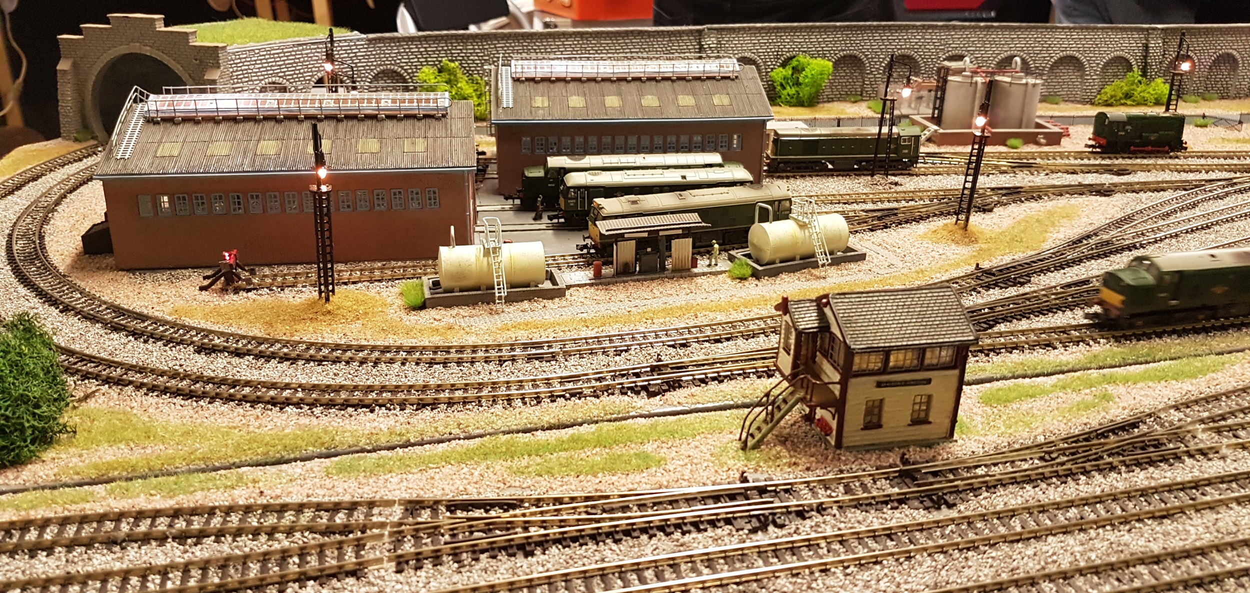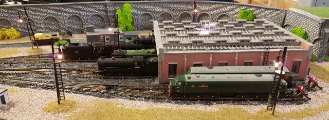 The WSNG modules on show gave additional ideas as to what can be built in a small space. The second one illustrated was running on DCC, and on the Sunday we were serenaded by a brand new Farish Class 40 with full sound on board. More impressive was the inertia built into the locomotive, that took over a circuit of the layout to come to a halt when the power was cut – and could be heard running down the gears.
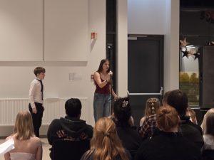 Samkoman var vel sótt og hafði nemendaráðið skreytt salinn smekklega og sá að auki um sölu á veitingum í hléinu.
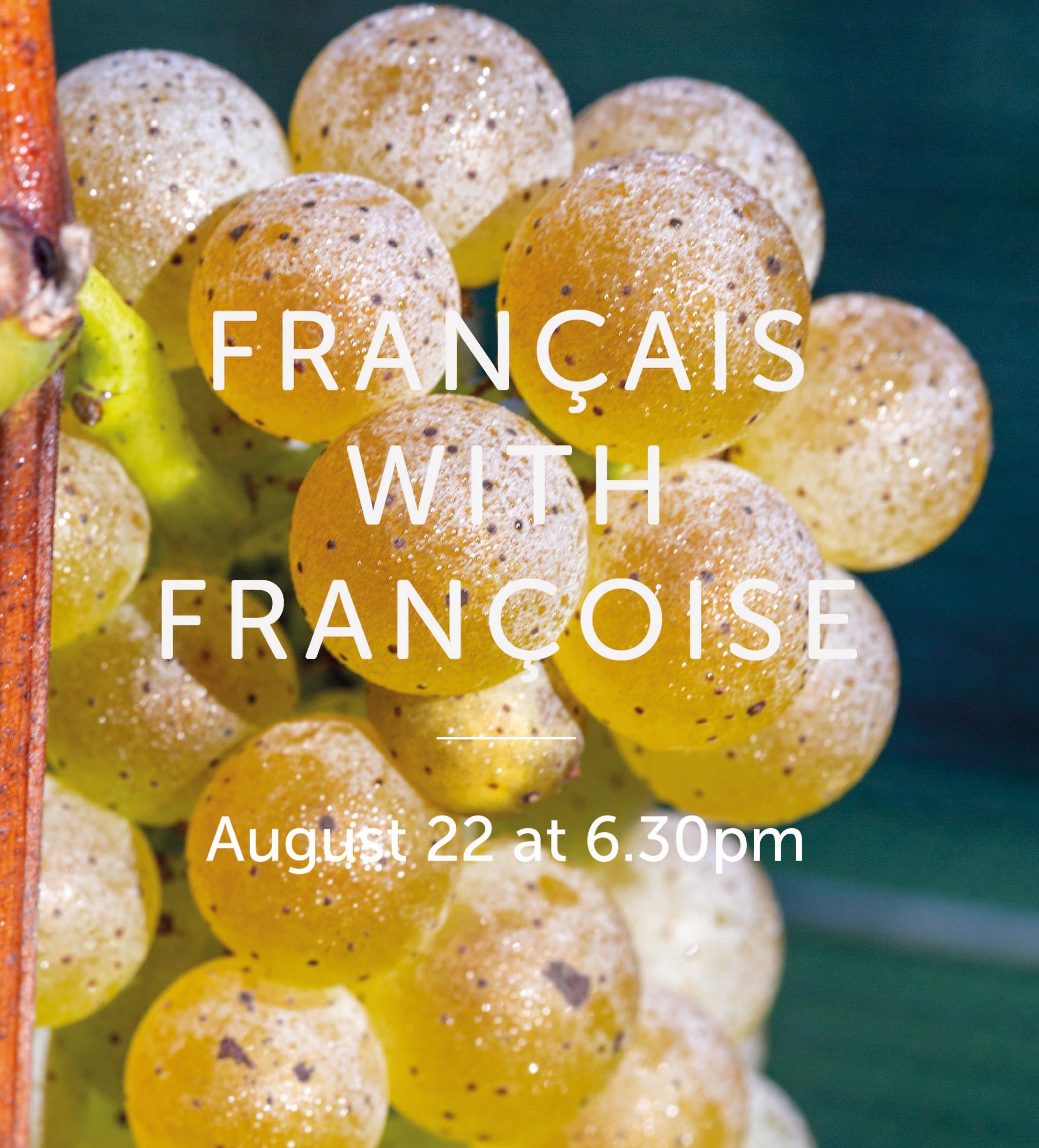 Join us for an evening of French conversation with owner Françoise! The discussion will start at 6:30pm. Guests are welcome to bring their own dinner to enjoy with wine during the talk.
--
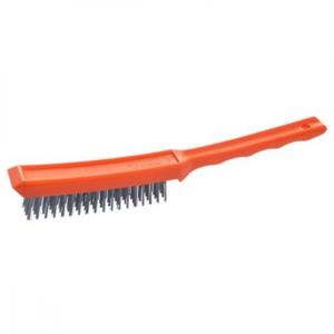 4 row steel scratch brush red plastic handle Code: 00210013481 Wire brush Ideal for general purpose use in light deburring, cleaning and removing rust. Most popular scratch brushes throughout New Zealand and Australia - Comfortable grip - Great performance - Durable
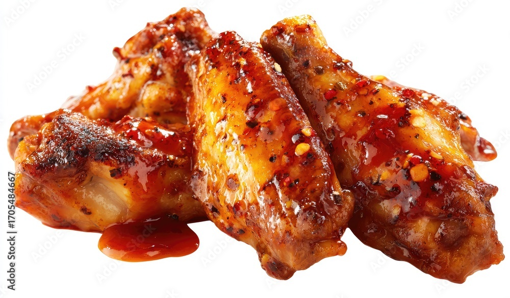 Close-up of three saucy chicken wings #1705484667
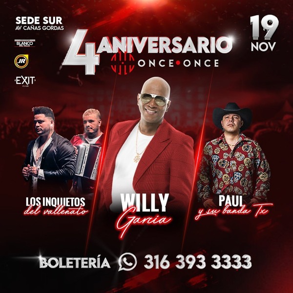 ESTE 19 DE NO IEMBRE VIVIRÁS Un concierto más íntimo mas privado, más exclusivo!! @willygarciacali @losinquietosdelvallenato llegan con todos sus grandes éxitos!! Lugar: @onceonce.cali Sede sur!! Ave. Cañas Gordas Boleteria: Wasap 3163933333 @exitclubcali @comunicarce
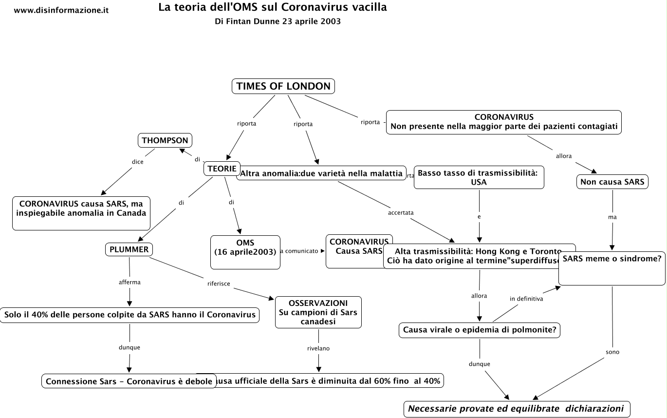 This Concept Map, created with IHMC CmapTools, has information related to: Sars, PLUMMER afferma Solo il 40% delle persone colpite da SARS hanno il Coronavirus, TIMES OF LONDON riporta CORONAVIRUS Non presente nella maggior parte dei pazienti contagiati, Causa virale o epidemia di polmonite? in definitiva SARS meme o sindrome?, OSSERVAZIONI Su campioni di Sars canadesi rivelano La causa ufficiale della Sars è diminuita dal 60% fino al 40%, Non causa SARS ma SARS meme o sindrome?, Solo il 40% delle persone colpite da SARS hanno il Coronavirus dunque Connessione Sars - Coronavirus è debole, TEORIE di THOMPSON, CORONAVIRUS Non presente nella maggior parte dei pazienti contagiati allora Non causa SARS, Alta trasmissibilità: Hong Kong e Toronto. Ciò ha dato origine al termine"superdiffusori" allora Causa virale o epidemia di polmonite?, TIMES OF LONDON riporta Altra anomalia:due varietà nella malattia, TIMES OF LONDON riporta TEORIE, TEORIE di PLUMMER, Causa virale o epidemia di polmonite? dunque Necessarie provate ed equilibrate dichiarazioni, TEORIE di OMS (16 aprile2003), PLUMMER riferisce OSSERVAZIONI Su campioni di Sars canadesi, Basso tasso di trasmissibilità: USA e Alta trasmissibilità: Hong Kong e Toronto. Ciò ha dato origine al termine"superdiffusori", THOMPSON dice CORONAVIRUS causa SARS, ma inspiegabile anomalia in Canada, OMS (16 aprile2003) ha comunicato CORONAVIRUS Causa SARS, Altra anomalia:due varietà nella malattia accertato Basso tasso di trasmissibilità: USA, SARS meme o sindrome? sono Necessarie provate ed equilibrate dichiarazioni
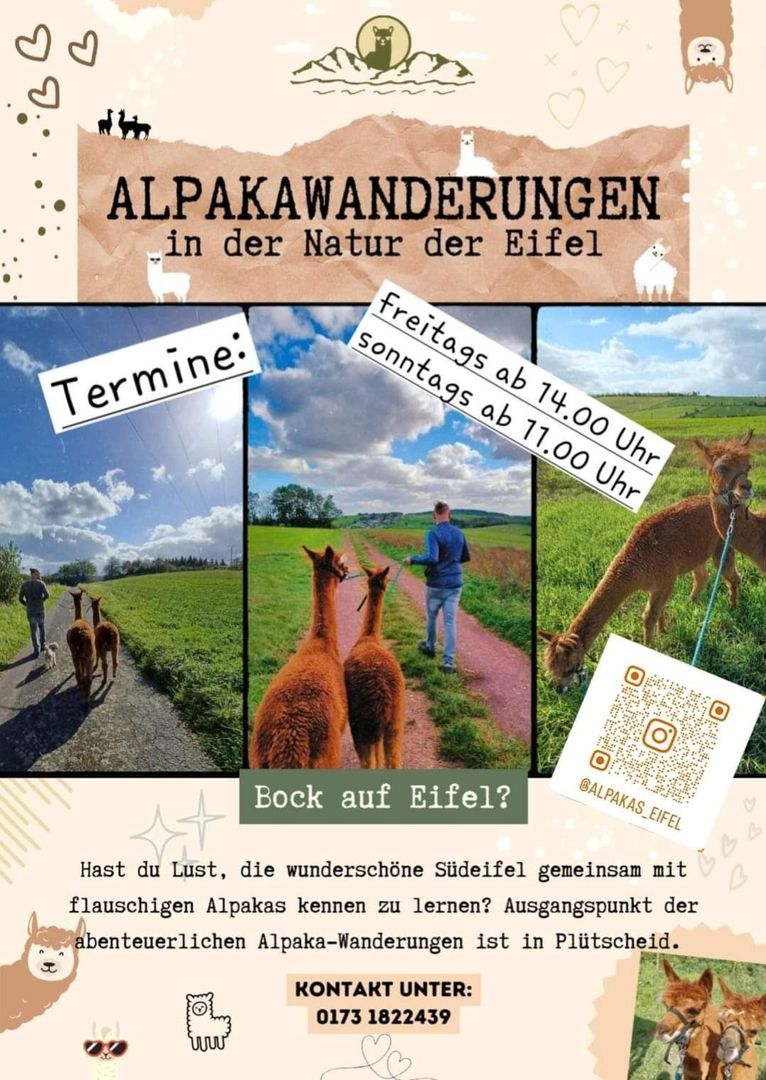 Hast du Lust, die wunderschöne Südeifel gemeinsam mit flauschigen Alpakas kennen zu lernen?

What the task requires: Leaving each picture behind, please give again exactly the lines above from the one with "Samkoman var vel" through the one with "Join us for", both included, and no others.

Written solution:
 Samkoman var vel sótt og hafði nemendaráðið skreytt salinn smekklega og sá að auki um sölu á veitingum í hléinu.
 Join us for an evening of French conversation with owner Françoise! The discussion will start at 6:30pm. Guests are welcome to bring their own dinner to enjoy with wine during the talk.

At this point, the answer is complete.